Cross-Flow Parameter Access¶

You can access parameters from other flows using dot notation with params.get():

from latent.prefect import params

@task("analyze")
def analyze_task(data):
    # Access parameters from another flow
    upstream_model = params.get("upstream_flow.model_name")
    upstream_temp = params.get("upstream_flow.temperature", default=0.7)

    # Current flow parameters still work
    batch_size = params.batch_size

    return analyze(data, model=upstream_model, temp=upstream_temp)

This is useful when:

You need to ensure consistency across flows (e.g., same model configuration)
A downstream flow needs to know upstream configuration
You want to reference shared settings without duplicating them

How it works:

params.get("other_flow.param_name") loads parameters.yaml from flows/other_flow/
Global parameters from global.yaml are merged (flow-specific takes precedence)
If the flow or parameter doesn't exist, returns the default value

# Example: Downstream flow accessing upstream configuration
@flow("downstream_flow")
def downstream_flow():
    # Get the model that was used in upstream processing
    upstream_model = params.get("upstream_flow.model_name")

    # Use the same model for consistency
    if upstream_model:
        logger.info(f"Using upstream model: {upstream_model}")

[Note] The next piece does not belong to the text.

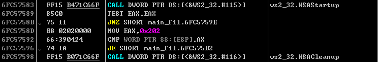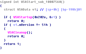 이후 WSAStartup() 함수를 이용해 C&C 서버와 네트워크 연결을 준비하게 된다.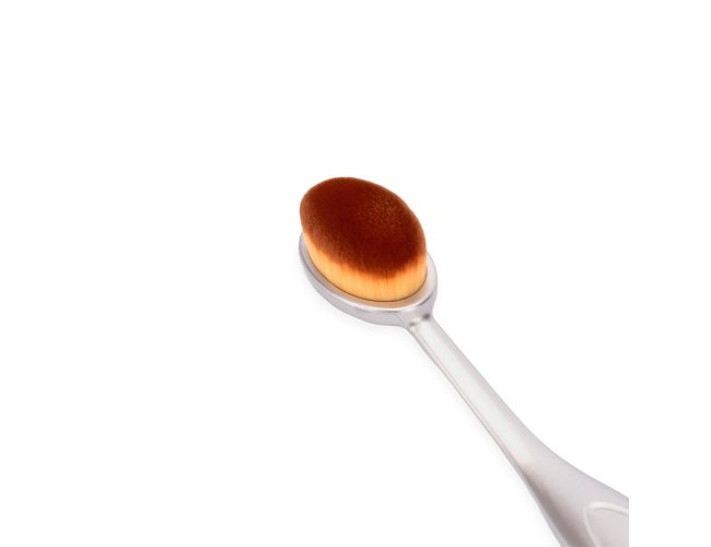 Pincel de maquiagem com design do tipo escova em plástico. Possui cerdas macias dispostas em formato oval, ideal para a aplicação suave de bases líquidas ou em creme.

    result = process_task()
    return result

Note

Cross-flow parameter access only works with params.get(), not with attribute access (params.other_flow) or dict access (params["other_flow.param"]).

Using get_config()¶

from latent.prefect import get_config

@flow("my_flow")
def my_flow():
    config = get_config()

    # Access parameters
    batch_size = config["parameters"]["batch_size"]

    # Access catalog
    datasets = config["catalog"]

Logging¶

Using the `logger` Object¶

from latent.prefect import logger

@task("process")
def process_task(data):
    logger.debug("Detailed debug information")
    logger.info(f"Processing {len(data)} rows")
    logger.warning("This might take a while")
    logger.error("Something went wrong")

    try:
        result = risky_operation()
    except Exception as e:
        logger.exception("Operation failed")
        raise

    return result

Using get_flow_logger()¶

from latent.prefect import get_flow_logger

@task("process")
def process_task(data):
    logger = get_flow_logger()
    logger.info("Task started")
    return data

Advanced Patterns¶

Parallel Task Execution¶

@flow("parallel_flow")
def parallel_flow():
    items = load_items()

    # Execute task in parallel for each item
    futures = process_item_task.map(
        item=items,
        idx=range(len(items))
    )

    # Wait for all tasks to complete
    results = [f.result() for f in futures]

    return aggregate(results)


@task("process_item")
def process_item_task(item, idx):
    logger.info(f"Processing item {idx}")
    return process(item)

Conditional Task Execution¶

@flow("conditional_flow")
def conditional_flow():
    data = load_data()

    if params.enable_preprocessing:
        data = preprocess_task(data)

    results = analyze_task(data)

    if params.save_intermediate:
        save_intermediate_task(data)

    return results

Dynamic Task Configuration¶

@task("configurable_task")
def configurable_task(data):
    # Get task-specific config
    task_config = params.get("task_config", {})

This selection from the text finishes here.